### WHAT YOU WILL DO
Each line below from the line with "याउलट चित्र 'ताजमहाल'च्या" to the line with "主料:虾仁150克、金针菇1小把、粉丝适量、蒜6瓣" must be copied exactly, including those two, and no picture may appear in the copy.

### DATA FOR THIS TASK
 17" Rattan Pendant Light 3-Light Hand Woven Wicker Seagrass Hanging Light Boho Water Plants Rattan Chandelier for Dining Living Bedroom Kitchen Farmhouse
==
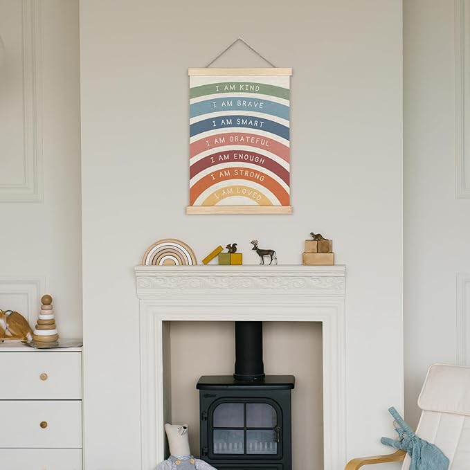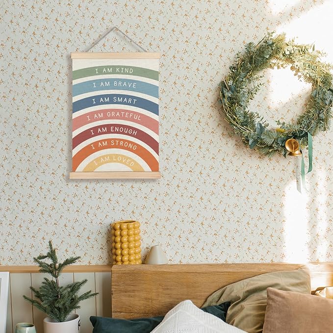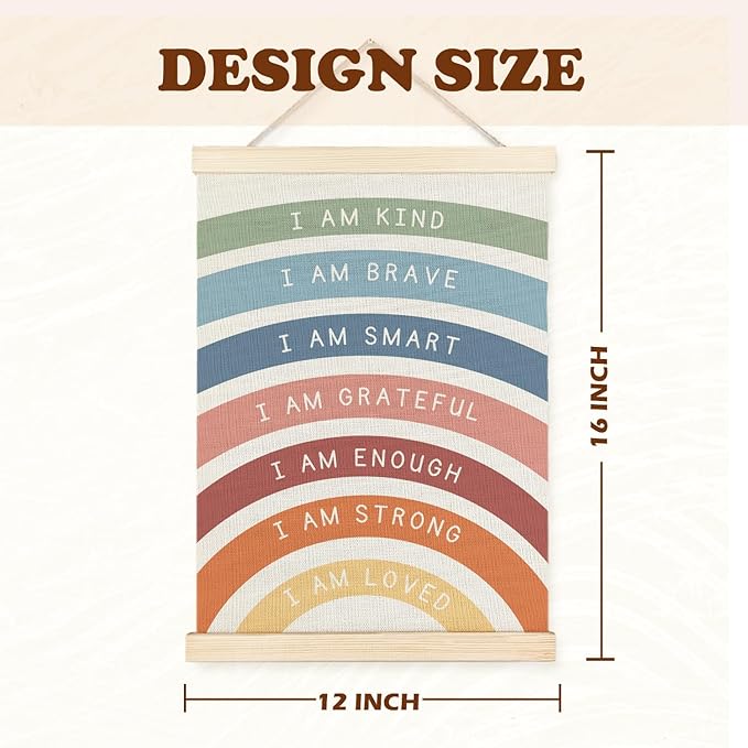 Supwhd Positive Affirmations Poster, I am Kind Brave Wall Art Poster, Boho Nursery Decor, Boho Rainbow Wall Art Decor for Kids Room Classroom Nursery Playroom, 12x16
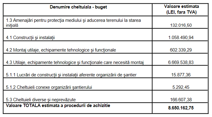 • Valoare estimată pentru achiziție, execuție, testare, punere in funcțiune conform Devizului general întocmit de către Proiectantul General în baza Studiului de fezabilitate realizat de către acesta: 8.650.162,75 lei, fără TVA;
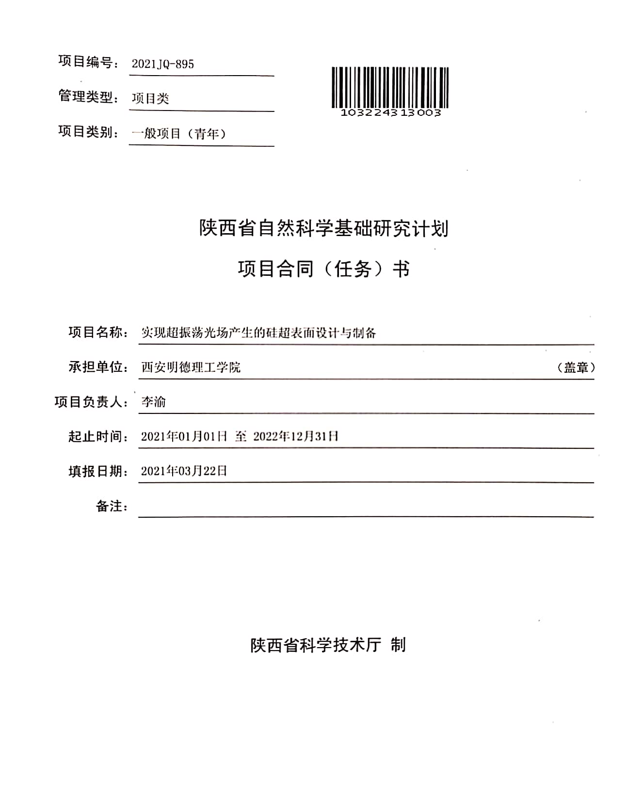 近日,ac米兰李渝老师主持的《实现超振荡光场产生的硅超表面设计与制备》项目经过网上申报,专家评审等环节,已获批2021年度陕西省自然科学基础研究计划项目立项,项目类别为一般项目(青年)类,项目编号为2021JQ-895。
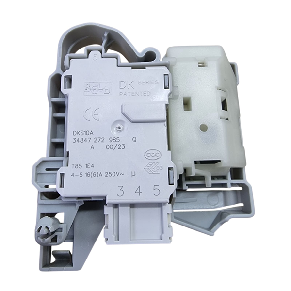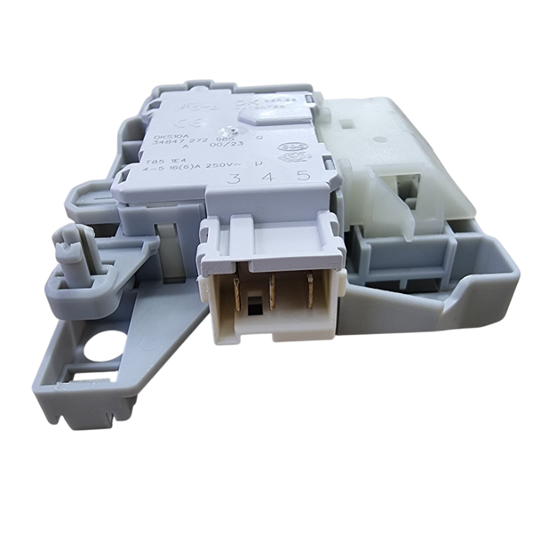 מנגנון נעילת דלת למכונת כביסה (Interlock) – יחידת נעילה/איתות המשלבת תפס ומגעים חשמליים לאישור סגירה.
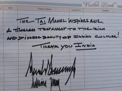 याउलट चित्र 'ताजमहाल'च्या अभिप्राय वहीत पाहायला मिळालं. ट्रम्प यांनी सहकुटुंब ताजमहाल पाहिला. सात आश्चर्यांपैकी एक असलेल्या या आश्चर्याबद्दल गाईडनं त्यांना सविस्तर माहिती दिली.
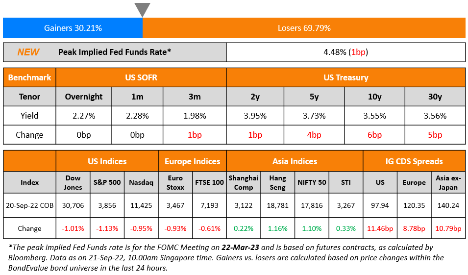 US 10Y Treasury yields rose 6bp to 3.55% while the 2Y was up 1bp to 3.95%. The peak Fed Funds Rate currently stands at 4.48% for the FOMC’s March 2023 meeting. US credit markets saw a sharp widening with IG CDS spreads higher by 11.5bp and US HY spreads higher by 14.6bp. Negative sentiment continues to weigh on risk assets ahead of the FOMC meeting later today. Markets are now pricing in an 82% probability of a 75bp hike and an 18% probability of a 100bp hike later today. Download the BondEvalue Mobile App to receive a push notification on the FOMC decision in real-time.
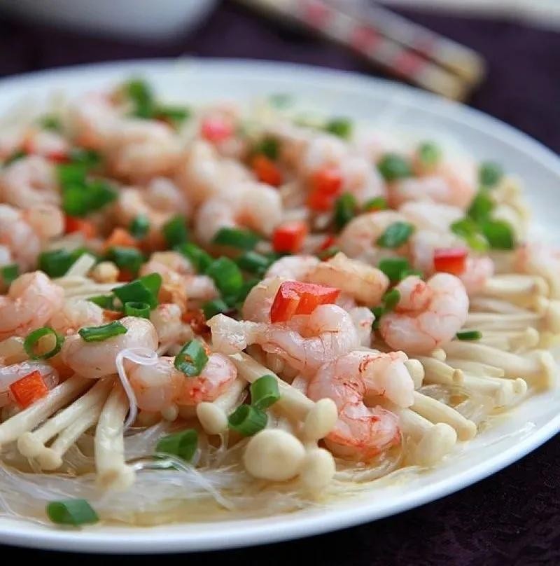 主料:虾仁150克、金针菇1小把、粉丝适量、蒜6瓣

### SOLVED EXERCISE
 याउलट चित्र 'ताजमहाल'च्या अभिप्राय वहीत पाहायला मिळालं. ट्रम्प यांनी सहकुटुंब ताजमहाल पाहिला. सात आश्चर्यांपैकी एक असलेल्या या आश्चर्याबद्दल गाईडनं त्यांना सविस्तर माहिती दिली.
 US 10Y Treasury yields rose 6bp to 3.55% while the 2Y was up 1bp to 3.95%. The peak Fed Funds Rate currently stands at 4.48% for the FOMC’s March 2023 meeting. US credit markets saw a sharp widening with IG CDS spreads higher by 11.5bp and US HY spreads higher by 14.6bp. Negative sentiment continues to weigh on risk assets ahead of the FOMC meeting later today. Markets are now pricing in an 82% probability of a 75bp hike and an 18% probability of a 100bp hike later today. Download the BondEvalue Mobile App to receive a push notification on the FOMC decision in real-time.
 主料:虾仁150克、金针菇1小把、粉丝适量、蒜6瓣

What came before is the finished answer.